* **Task directions**: Make an exact transcript of the lines in the data below, starting with the one containing "Upgraded Ethnic Style" and going on through the one containing "初めての機内泊ということもあ", with both included and the pictures left out.

* **Study material**:
————————
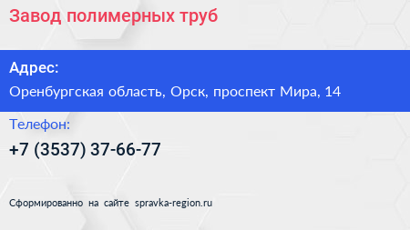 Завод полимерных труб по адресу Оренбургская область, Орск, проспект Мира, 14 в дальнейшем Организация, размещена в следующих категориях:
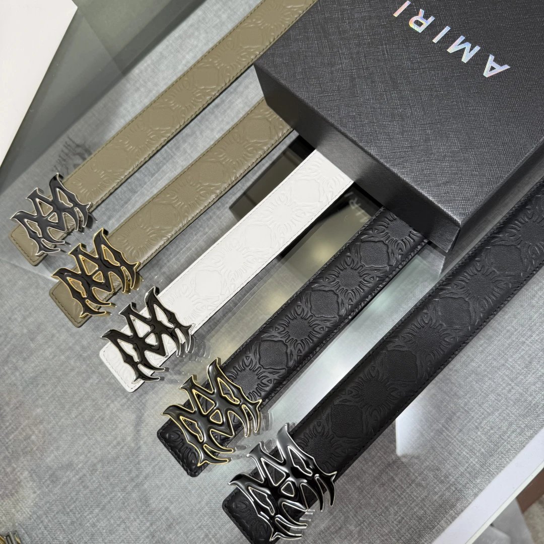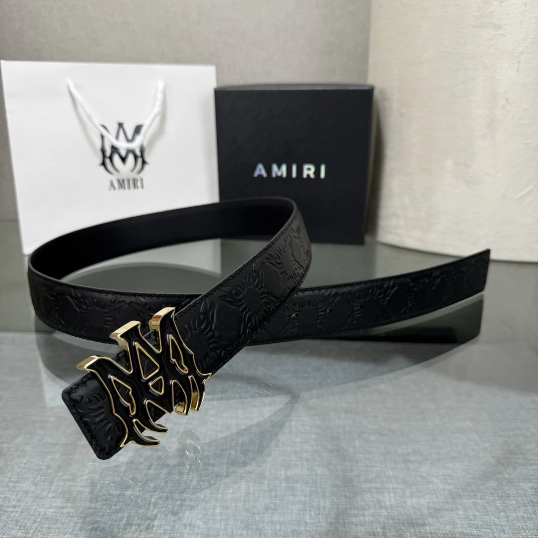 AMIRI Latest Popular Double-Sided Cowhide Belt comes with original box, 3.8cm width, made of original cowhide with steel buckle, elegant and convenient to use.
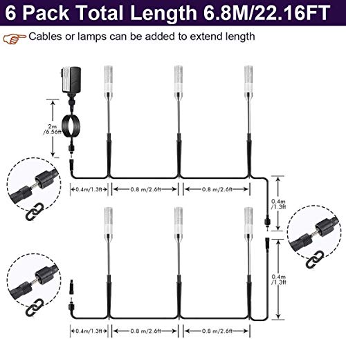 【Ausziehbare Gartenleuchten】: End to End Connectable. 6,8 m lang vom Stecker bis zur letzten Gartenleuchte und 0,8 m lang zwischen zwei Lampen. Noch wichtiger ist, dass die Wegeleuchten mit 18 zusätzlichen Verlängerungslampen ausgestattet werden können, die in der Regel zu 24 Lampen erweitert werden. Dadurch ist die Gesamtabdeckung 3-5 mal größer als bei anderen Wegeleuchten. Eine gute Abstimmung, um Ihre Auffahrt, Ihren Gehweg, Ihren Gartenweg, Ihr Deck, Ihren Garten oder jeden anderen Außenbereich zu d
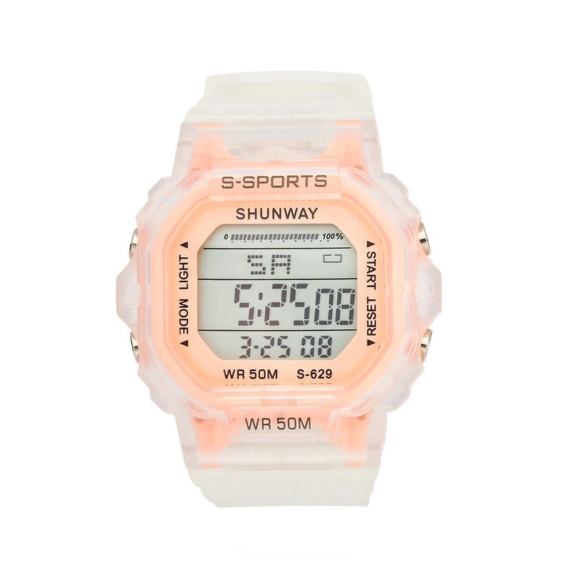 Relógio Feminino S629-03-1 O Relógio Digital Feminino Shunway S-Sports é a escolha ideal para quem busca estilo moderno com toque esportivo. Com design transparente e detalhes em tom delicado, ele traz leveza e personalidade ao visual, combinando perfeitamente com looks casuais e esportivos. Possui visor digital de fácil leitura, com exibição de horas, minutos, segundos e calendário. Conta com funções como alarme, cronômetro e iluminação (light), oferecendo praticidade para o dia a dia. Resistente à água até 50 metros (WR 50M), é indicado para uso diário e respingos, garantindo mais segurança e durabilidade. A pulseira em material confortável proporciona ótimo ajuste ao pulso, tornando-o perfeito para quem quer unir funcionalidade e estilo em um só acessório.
————————
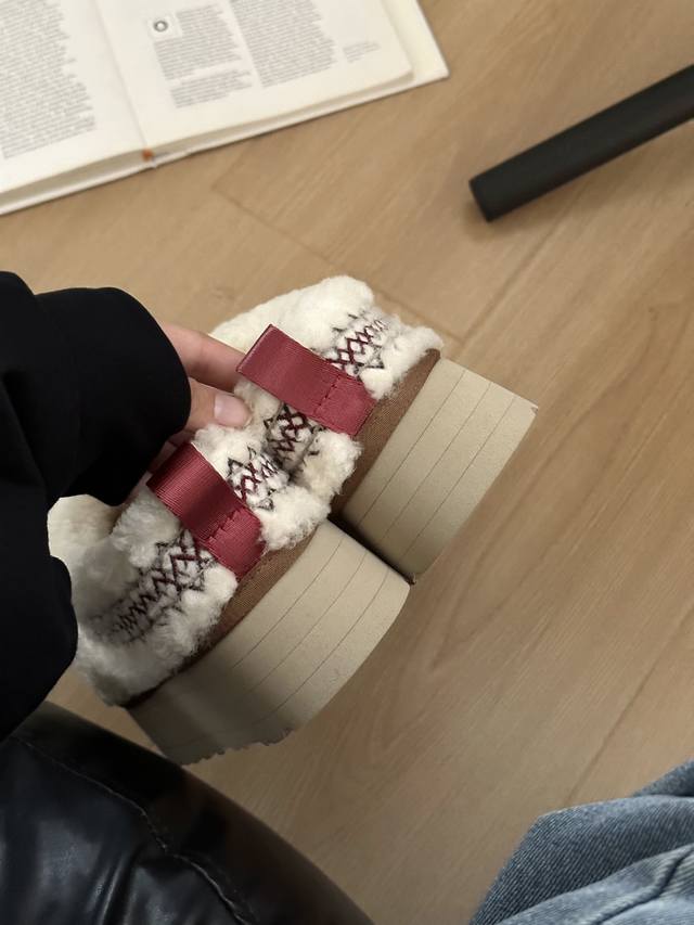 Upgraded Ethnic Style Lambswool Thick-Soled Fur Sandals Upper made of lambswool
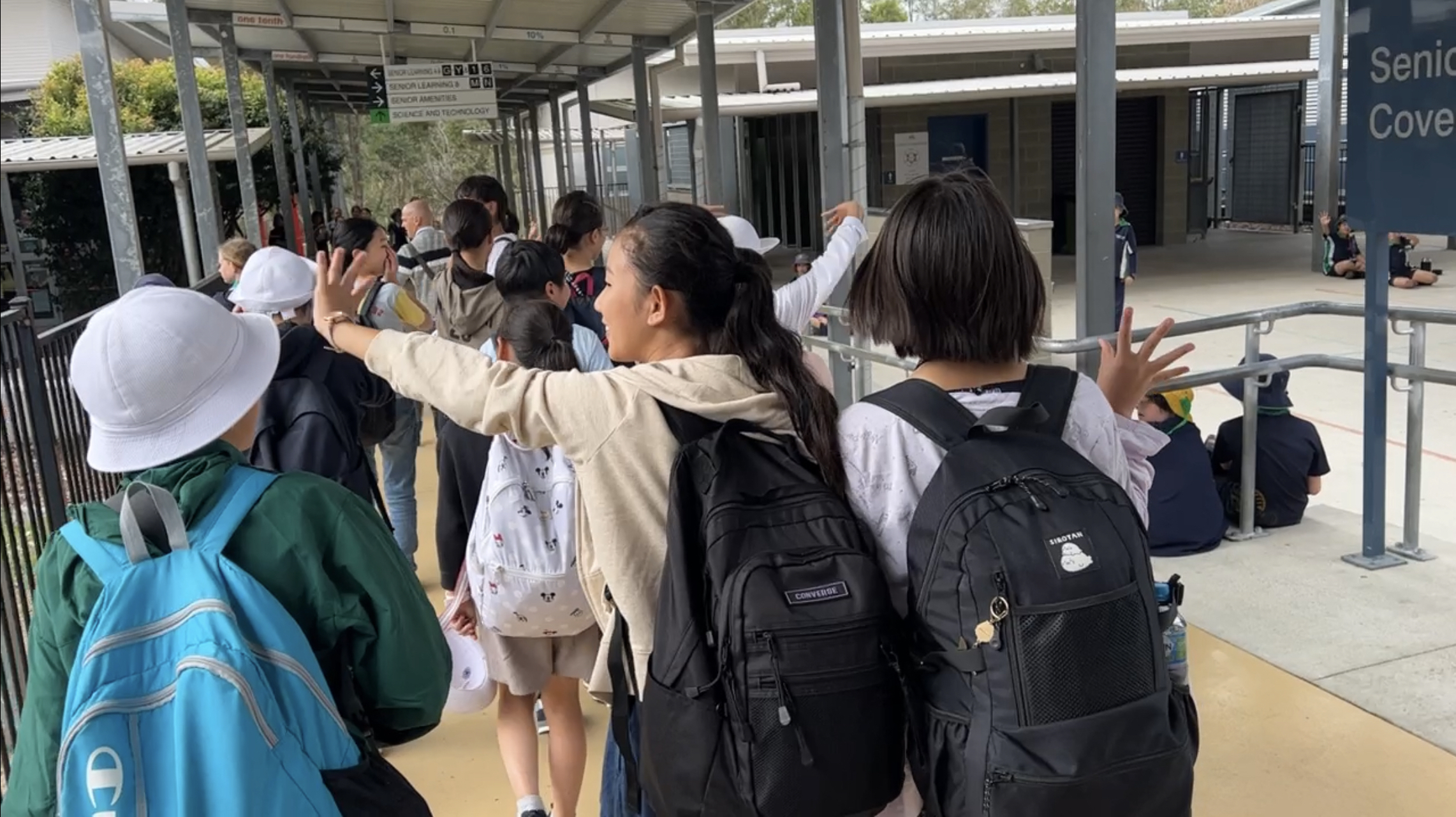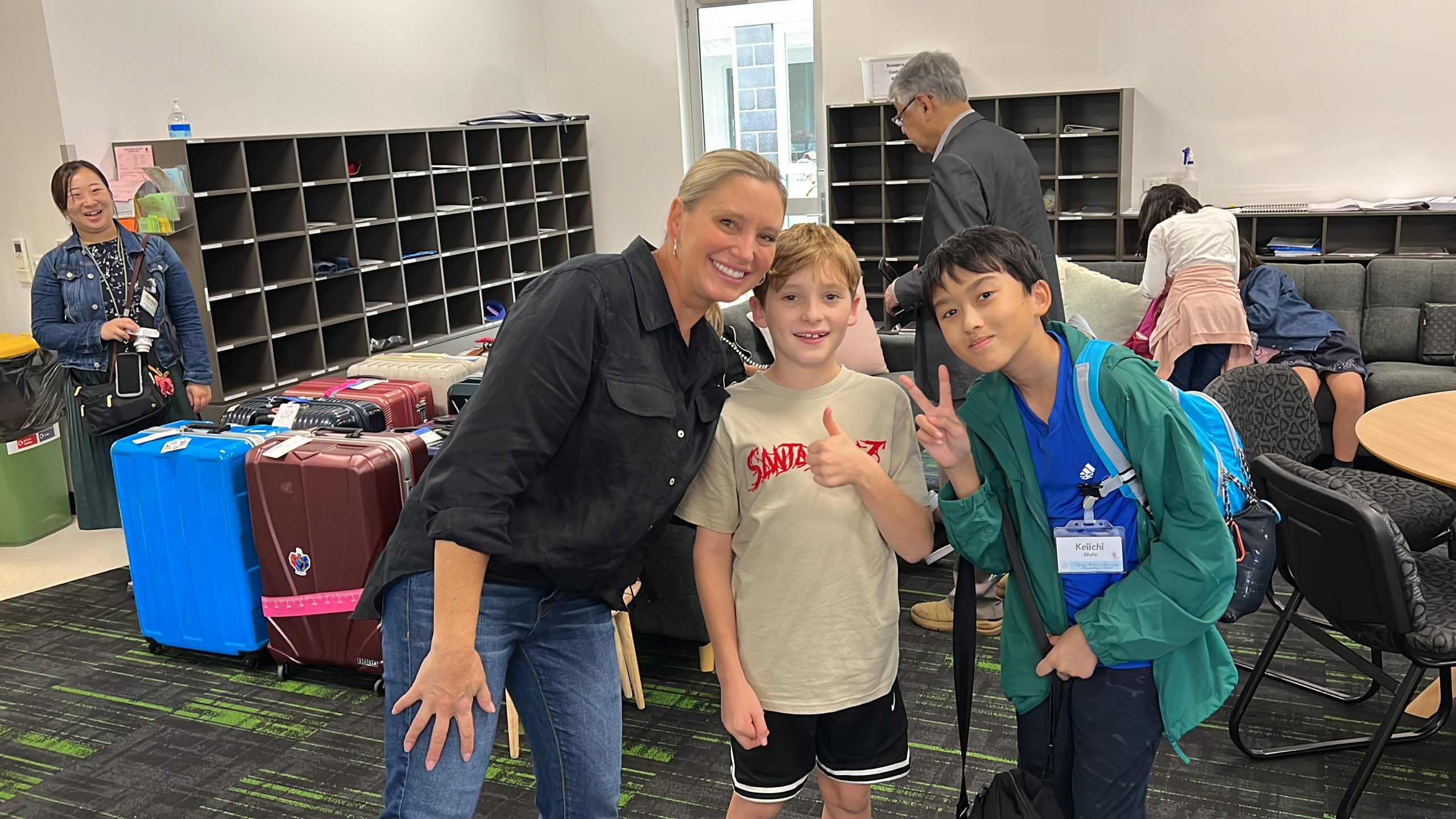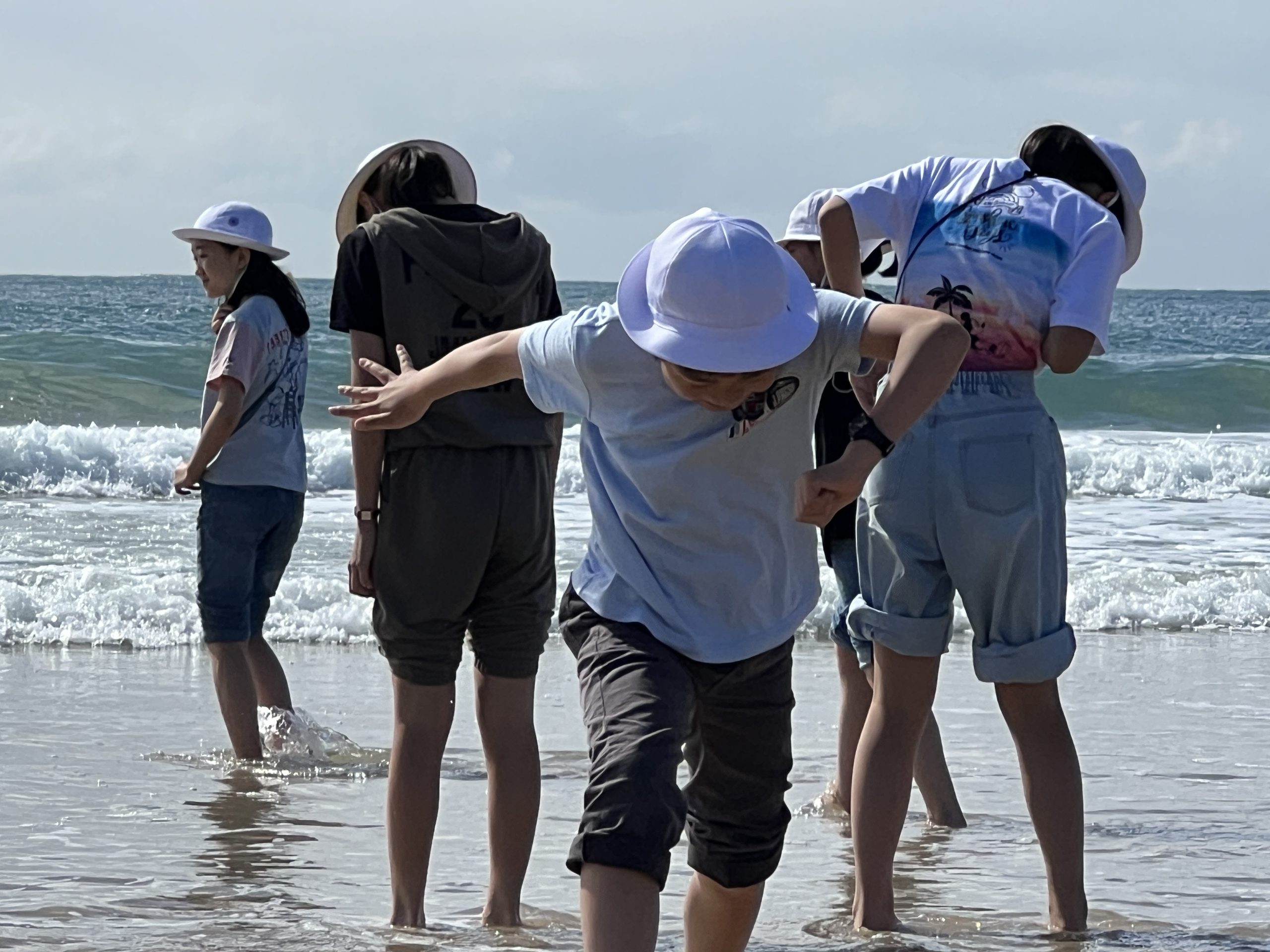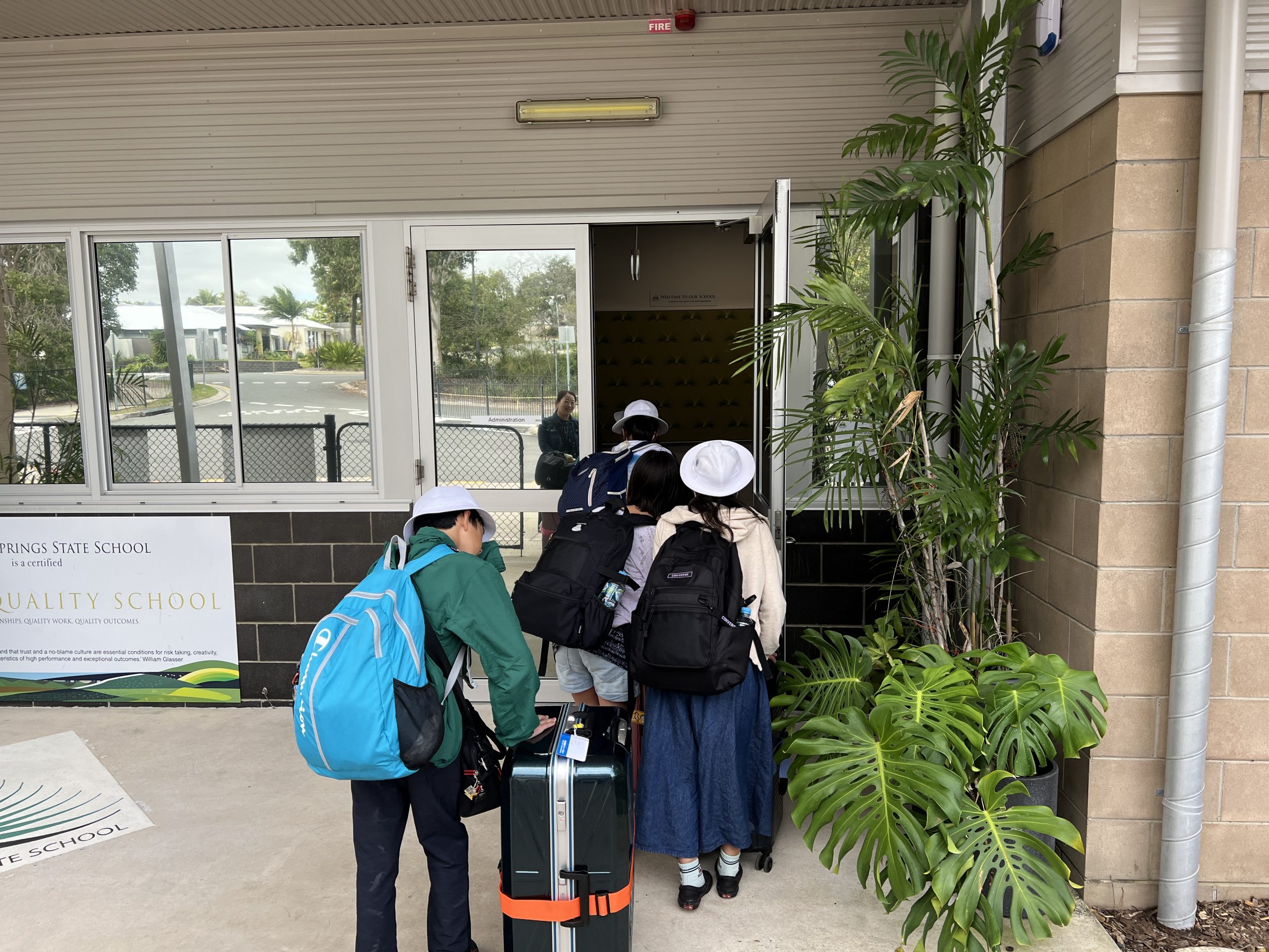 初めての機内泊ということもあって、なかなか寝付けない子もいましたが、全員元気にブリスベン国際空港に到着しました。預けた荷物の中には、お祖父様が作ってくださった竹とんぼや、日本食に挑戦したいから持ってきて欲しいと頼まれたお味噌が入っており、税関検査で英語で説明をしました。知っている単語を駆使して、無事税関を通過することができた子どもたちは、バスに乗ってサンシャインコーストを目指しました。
————————
* **Exercise answer**:
 Upgraded Ethnic Style Lambswool Thick-Soled Fur Sandals Upper made of lambswool
 初めての機内泊ということもあって、なかなか寝付けない子もいましたが、全員元気にブリスベン国際空港に到着しました。預けた荷物の中には、お祖父様が作ってくださった竹とんぼや、日本食に挑戦したいから持ってきて欲しいと頼まれたお味噌が入っており、税関検査で英語で説明をしました。知っている単語を駆使して、無事税関を通過することができた子どもたちは、バスに乗ってサンシャインコーストを目指しました。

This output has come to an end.